Recent advances in high-throughput sequencing technology, including pooled DNA sequencing, have facilitated the acquisition of time-series data, and Bollback et al.’s (2008) method has been extended to more complicated situations. Mathieson and McVean (2013) applied a lattice model of population subdivision that enabled joint estimation of migration rate and spatially varying selection coefficients. The allele age also is an important parameter in selection inferences because it can provide information regarding the origin of a particular phenotype associated with the allele. Malaspinas et al. (2012) developed a method to estimate the selection coefficient and the allele age simultaneously. In addition, there has been increasing numbers of studies in which researchers focus on specific settings in each evolutionary experiment (e.g., Illingworth and Mustonen 2011; Gallet et al. 2012; Illingworth et al. 2012).

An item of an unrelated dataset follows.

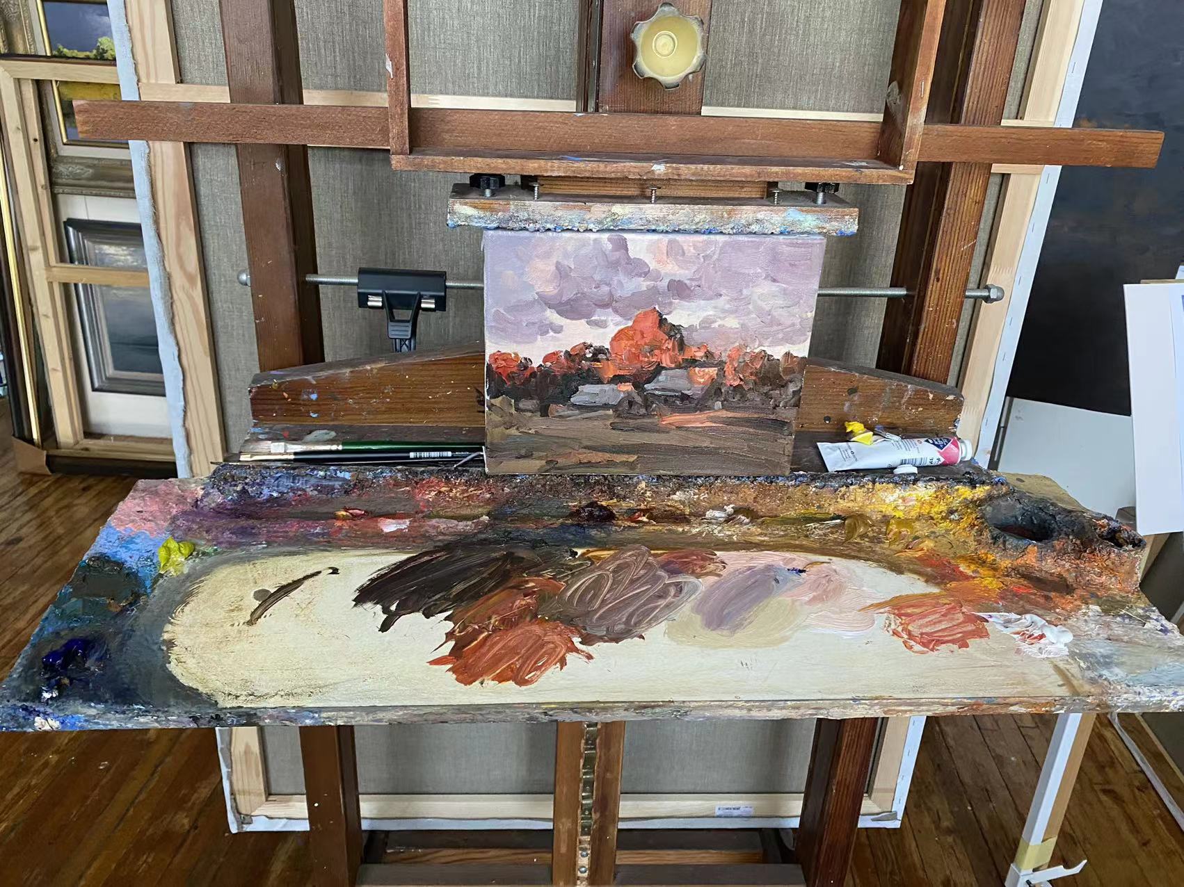 讲座中,亚历山大·鲍里索维奇讲述了俄罗斯风景画的历史和自己在列宾美院的求学经历,向观众展示了自己的工作室和绘画作品,并通过20分钟的现场绘画展示了高超的艺术技巧。

Feder et al. (2013) reported recently that Bollback et al.’s (2008) standard χ²-based test for selection is biased for realistic data with few sampled time points. When the number of sampled time points is sufficiently large, the likelihood ratio statistic (LRS) follows a χ² distribution. However, the actual number of sampled time points rarely exceeds a few dozen. Particularly, when the null hypothesis is composite and the profile likelihood is used, the estimation of nuisance parameters can substantially bias inferences of the parameters of interest (e.g., see Chapter 10 of Pawitan 2001). For the problem described in this report, the nuisance parameter is the population size.

The FIT treats the nuisance parameter, N, as an unknown parameter instead of estimating it. When Y_i for any i follows the normal distribution with the same variance under the null model, the FIT is an exact and unbiased test. Feder et al. (2013) verified that actual type I error rates approach the nominal significance level for various parameter settings. These investigators also demonstrated that the power of the FIT is equal to or greater than that of the ELRT. Although the FIT does not account for the sampling process from a population explicitly, the test was shown to work well even when the sampling process exists if the sample size is not small.

The FIT is a simple and bias-controlled method to detect selection. However, it is not clear whether the FIT works well when the population size fluctuates. Theoretically, under the null model with fluctuating population size Y_i does not follow the same normal distribution for all i, and therefore, t_FIT (Data) does not follow the Student’s t distribution.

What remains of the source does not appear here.